Meet the spade-toothed whale. It is the rarest whale in the world. People have found only seven of its kind—ever. And all of those were dead. What do we know about this kind of whale? Almost nothing!
But this week, scientists and cultural experts in New Zealand cluster around a dead spade-toothed whale. They hope to decode decades of mystery.
The creature washed up on a New Zealand beach in July. “I can’t tell you how extraordinary it is,” says Anton van Helden. He’s a marine science advisor for New Zealand’s conservation agency. He even gave the spade-toothed whale its name!
People have never seen a spade-toothed whale alive at sea. (At least, no one has ever recorded a sighting.)
Things scientists don’t know about spade-toothed whales:
- where in the ocean they live
- why they’ve never been spotted in the wild
- what their brains look like
- how they process their food
- how this one died
The dead whale stretches 16 feet long. It’s male.
“There may be parasites completely new to science that just live in this whale,” says Mr. van Helden. He’s excited to find out how it made noise and what it ate. “Who knows what we’ll discover?”

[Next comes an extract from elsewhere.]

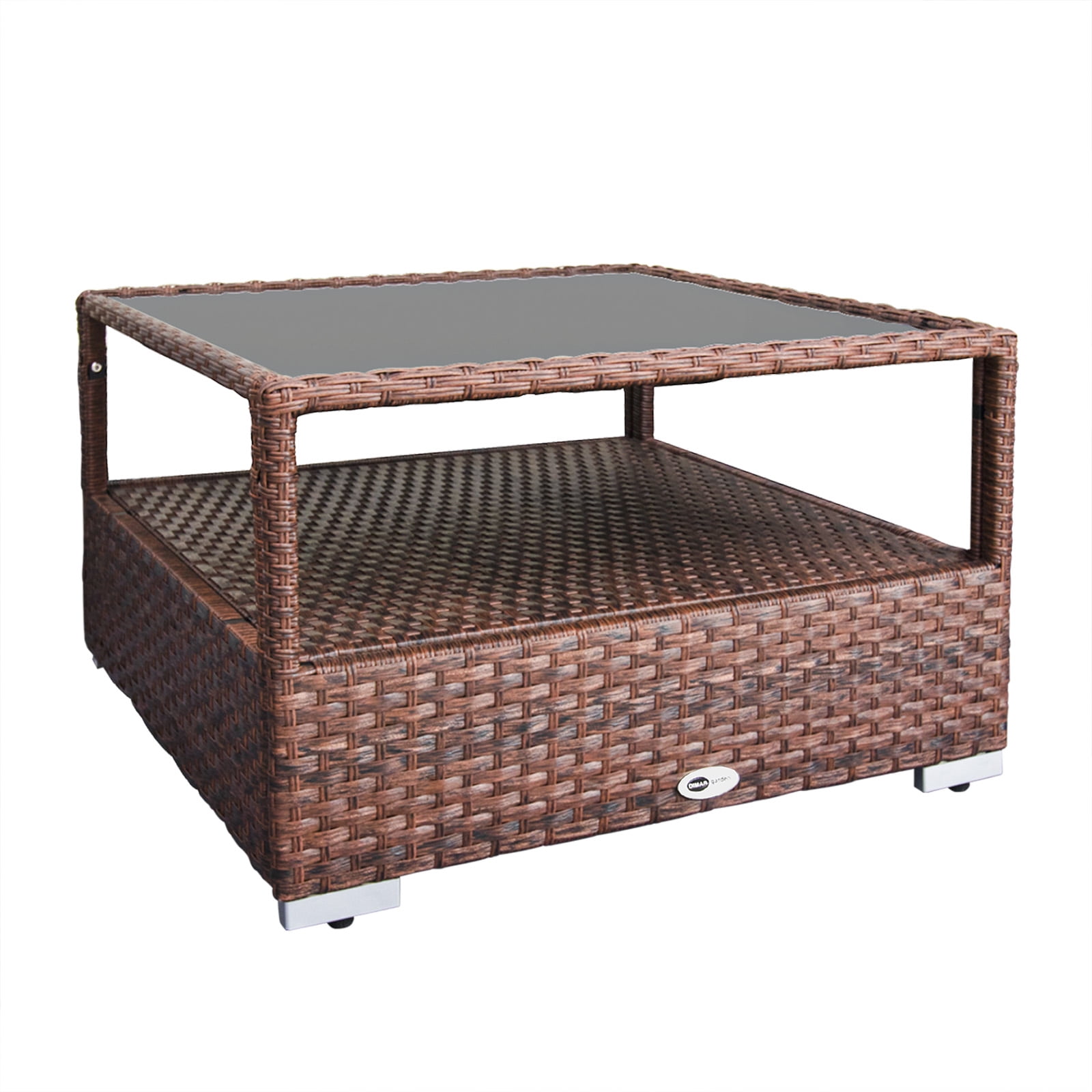 Product specification: Product Size: 29.5L x 29.5W x 17.7H Inch Product Weight: 28.5lbs Weight Capacity: 50 lbs Color: Mixed Coffee/Black Material: PE Wicker, Steel Frame Finish: Rust-resist powder-coated Wicker Finish: Natural Product Feature: [High Quality Material]: outdoor patio wicker coffee table with brand new PE rattan wicker, high quality stainless steel of screws, UV-Resistant for 2000 hours, Rust-Resistant over 2000 hours, all-Weather patio rattan furniture. [Multiple Functions]: outdoor rattan furniture coffee table is suitable for outdoor/indoor terrace, lawn, yard, backyard, porch, garden, poolside and balcony. [Easy to assemble and Maintain]: outdoor coffee table with the assembly instruction, it is easy to assemble and maintenance. [Free combination]: outdoor coffee table suits perfectly to outdoor sofa, chair set, chaise lounger. [Extra Storage] Double Levels Design for extra spaces
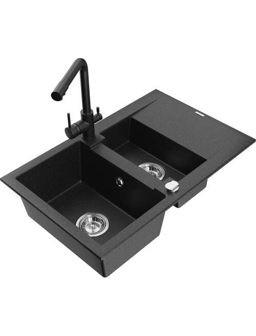 Mexen Gaspar zlewozmywak granitowy 1,5-komorowy z ociekaczem i baterią kuchenną Duero, czarny/srebrny - 6507-73-671600-70

A scientist found the first spade-toothed whale bones in 1872 on New Zealand’s Pitt Island. People made another discovery at an island in the 1950s. The bones of a third whale were found on Chile’s Robinson Crusoe Island in 1986. In 2002, scientists used DNA to prove all three were the same species.
Mr. van Helden’s whale lies surrounded by white-aproned scientists. They measure. They photograph. Then they carefully cut the whale open to learn about its insides.
Joy Reidenberg is one of these scientists. “What we are interested in is not only how these animals died, but how they lived,” she says.